The fighting that broke out on April 15 between the army of General Abdel Fattah al-Burhane and the paramilitary Rapid Support Forces (RSF), commanded by General Mohamed Hamdane Daglo, has left nearly a thousand people dead and about a million displaced and refugees.

On Sunday night, General Daglo posted an audio recording online in which he promised his opponent that he would be "tried quickly and hanged in public".

The army chief had ordered on Sunday evening the freezing of the accounts and assets of the RSF, known for their financial power.

In Khartoum, a city of five million people who are almost without water and electricity, and in Darfur, in the west, people are living in their homes, afraid to go out to buy food for fear of stray bullets.

The doctors' union on Monday put the death toll at 280 and the number of wounded at more than 160 on May 12 and 13 alone in clashes in El-Geneina, Darfur.

In the large suburb east of Khartoum, witnesses reported air strikes, the sound of explosions and clouds of smoke.

- Tension rising -

In Jeddah, Saudi Arabia, the warring parties are negotiating a "humanitarian" truce to let civilians out and aid in.

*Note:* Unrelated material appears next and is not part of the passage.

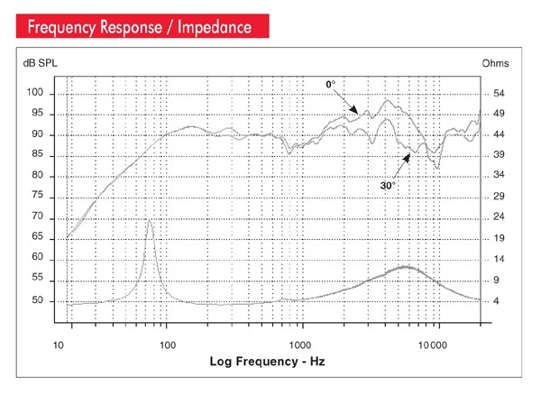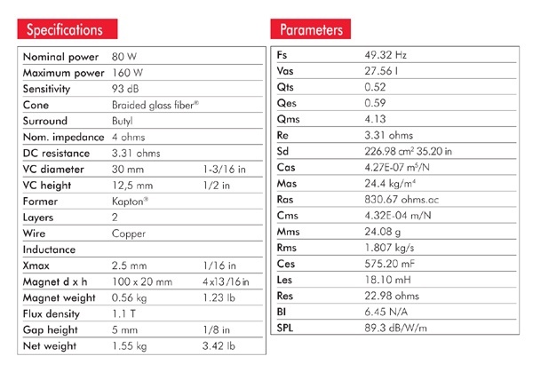 | Čувствителност (2,83V/1m)Чувствителност, сензитивност или ефективност на говорителя. Чувствителността на говорителите се посочва в децибели (dB) и накратко означава, че колкото по-висока е стойността, толкова по-малки са изискванията към мощността на усилвателя. Това всъщност е оценка за това как говорителят преобразува ватове в звук. Оценката на чувствителността е нивото на шума, измерено на 1 метър от говорителя при използване на 1 W (ват) или при подаване на 2,83 волта на източника на 1 метър. По-високото децибелово ниво означава, че говорителят е по-громък при по-ниска мощност. За всеки ръст от 3 dB чувствителността, говорителят изисква половината мощност за възпроизвеждане на същото ниво на звука. Например, ако говорител с 88 dB изисква 100 вата за постигане на определено ниво на звука, то говорител с 91 dB чувствителност изисква само 50 вата, за да достигне същото ниво. | 93 dB |

But they agreed only on the principle of respecting the rules of war, deferring the question of a cessation of hostilities to further "broader discussions.

"Nothing has changed since the beginning of the conflict, except that people are more and more tense every day", confided to AFP a resident of southern Khartoum.

"The violence on both sides is increasing day by day," said a resident of the north of the capital.

For the researcher Aly Verjee, "if the two sides do not change their way of thinking, it will be difficult to imagine a translation on the ground of the commitments on paper".

In this country of 45 million people, a third of the population that depended on international food aid is practically deprived of it: it has been looted or interrupted following the death of 18 humanitarian workers.

The World Food Programme (WFP) nevertheless announced on Monday that it was carrying out its "very first food distributions" in the state of Al-Jazira, south-east of the capital, for those newly displaced by the fighting in Khartoum.

The money is lacking because the banks, some of which have been looted, have been closed for a month, or because prices have soared: four times for food or 20 times for gasoline.

According to experts and diplomats, each of the two generals believes he can win militarily, thanks to his large numbers and foreign support. General Daglo is allied with the United Arab Emirates and, according to the U.S. Treasury, with Wagner's Russian mercenaries, while Egypt supports General Burhane.

The two men therefore seem more interested in a long conflict than in making concessions at the negotiating table.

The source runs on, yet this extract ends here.